Malaita Island

Dawnbreaker
Lars Alfredson
Thu 6 Aug 2015 10:00
pos 8:51.08S 160:44.05E
Tuesday 3rd of August
 

2015-08-03 Malalita   Dawn saw us off Auki, lining up with red lead-in lights that directed shipping through the reef. Just to be sure we hung off for half an hour until the sun was high enough to see the reef and get our bearings.

Motoring into the bay we anchored near the lead-in lights off a large modern dock before launching the dinghy and heading to town. Where we landed the bottom is covered in plastic bags and garbage, yuk, but manage to step directly off the dinghy onto shore.

On the walk into town we pass a lot of small wooden stalls selling beetle nuts to the sound of heavy beat music coming from a pickup parked nearby, before joining the main road. The road in fact would make an ideal tank testing ground with pot holes capable of swallowing a medium sized bus.

Doing a recce around the town we find the Bank and an ATM that willingly spits out cash, a Bakery where the bread will be ready in another hour, and Bottle Shop that has Gin and Wine as well our favourite cheese.

So it’s off to the market, in fact there is another fenced area full of stalls all selling beetle nuts before we enter large concrete covered market (Donated by the Japanese) selling Kumaras (sweet potatoes), bananas, mangoes, more onions as well as aubergines. No lemons or limes but we have lime cordial for our Gin.

Back for the bread, but if we want it sliced we’ll have to wait another half hour while it cools, so next to the Bottle Shop. The spirit prices are incredible, £50 for gin and rum so we ration ourselves to two bottles. Wine is £13 a bottle and we clean them out of the decent stuff as they only have 12 bottle.

 A case of tonic (Schweppes, made in Indonesia) and some cheese completes our purchase. Meantime Shan had gone back to the Bakery and picked up our bread and some butter

Returning, the tide has receded and we manage to find a sandy patch of bottom free of the filth to wade out and launch the dinghy into deeper water.

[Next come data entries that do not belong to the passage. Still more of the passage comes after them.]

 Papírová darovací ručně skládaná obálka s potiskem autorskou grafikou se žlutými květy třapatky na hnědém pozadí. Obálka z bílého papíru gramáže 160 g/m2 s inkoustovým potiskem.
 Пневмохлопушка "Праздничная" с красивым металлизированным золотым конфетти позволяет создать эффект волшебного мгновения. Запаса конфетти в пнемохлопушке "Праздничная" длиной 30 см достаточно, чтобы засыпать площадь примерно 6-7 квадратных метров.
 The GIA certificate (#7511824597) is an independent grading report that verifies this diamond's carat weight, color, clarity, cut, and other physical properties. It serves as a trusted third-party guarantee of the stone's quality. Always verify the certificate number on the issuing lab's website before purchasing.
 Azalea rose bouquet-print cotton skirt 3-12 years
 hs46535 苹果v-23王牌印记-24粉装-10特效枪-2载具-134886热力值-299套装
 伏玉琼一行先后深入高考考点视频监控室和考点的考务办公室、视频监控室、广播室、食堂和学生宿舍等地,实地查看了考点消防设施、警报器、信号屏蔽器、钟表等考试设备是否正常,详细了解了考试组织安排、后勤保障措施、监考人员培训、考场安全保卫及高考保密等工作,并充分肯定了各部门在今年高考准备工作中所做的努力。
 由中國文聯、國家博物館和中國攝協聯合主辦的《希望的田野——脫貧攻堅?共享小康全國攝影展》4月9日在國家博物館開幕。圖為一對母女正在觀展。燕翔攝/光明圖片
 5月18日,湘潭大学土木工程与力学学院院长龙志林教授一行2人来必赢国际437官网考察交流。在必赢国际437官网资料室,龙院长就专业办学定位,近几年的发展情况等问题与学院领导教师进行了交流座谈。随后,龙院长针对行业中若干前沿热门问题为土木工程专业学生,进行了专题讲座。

Returning we set off down the Langalanga Lagoon, a long strip of water contained by a large reef on one side and the mainland on the other, interspersed with islands and reefs forming a central channel.

It’s reasonably well marked for the first couple of miles, but disconcertingly the chart goes blank and everything is blank for the next few miles, only resuming at the far end of the channel. As we motor cautiously down we discover it is quite well marked so are able to progress relatively easily.

About three quarters of the way down, the mangroves have now populated and taken over the reef. At about one o’clock we pull in alongside them and anchor in their shelter. Lunch and fall into our bunks exhausted, to recover from our long battle with the ocean, third world shopping and a sleepless night.

When I finally wake and having got my brain in gear, I start Blogging. Reaching for my net book which runs my navigating programme which is parallel with Lars’s, I go to check on the correct names of the places we have visited and cannot find it.

Soon we’re all searching for it. Impossible it’s nowhere to be found, so we call halt hoping it will magically reappear later.

Soon the dugouts start arriving. First two very giggly girls and as word spread whole families, with kids as small as two sitting in bows like little naked Buddahs completely confident in their craft but reduced to tears at the sight of these strange white people.

As school finishes we have the usual run of visitors and one them advises us that the approaching canoe contains a teacher from the junior school nearby. I’m below showing Colin, a very studious young man, around the yacht when I get a call to come on deck.

William, the teacher has asked Lars if we are missing anything, to which we confirm in the positive. Apparently he and his friend Francis are aware someone has been on board and stolen something, “Leave it with me,” says Francis. Encouraged we agree to meet him tomorrow as he assures us it should be resolved.

We are very shocked and disappointed, probably as much as they are that such a slur should be put on the village. But at least my sanity is no longer called into question and we hope for the best.

By around 6 pm we must have “Lolipoped” every child in the village when one last family canoe arrives with Prudence and her daughter. She has the most beautiful shell necklaces she wishes to sell and after some hard bargaining $50 and a bag of rice are exchanged for a couple of pieces.

Shan thinks I bargain to hard and smitten with conscience rushes up with a top for her making both of them feel better I guess!

Others are not so grateful.  A young muscular, tattooed youth asks if we have a football. Surprise, surprise! Lars goes rooting and appears with a shiny new ball, but this was sneered at as being too light for football. Take it or leave is the deal, in fact you can give us one of those shells you wanted to trade for it. Deal done.

Finally all are sent home and we settle down to “Happy Hour” with our gin, dinner and a read, exhausted after all that entertaining.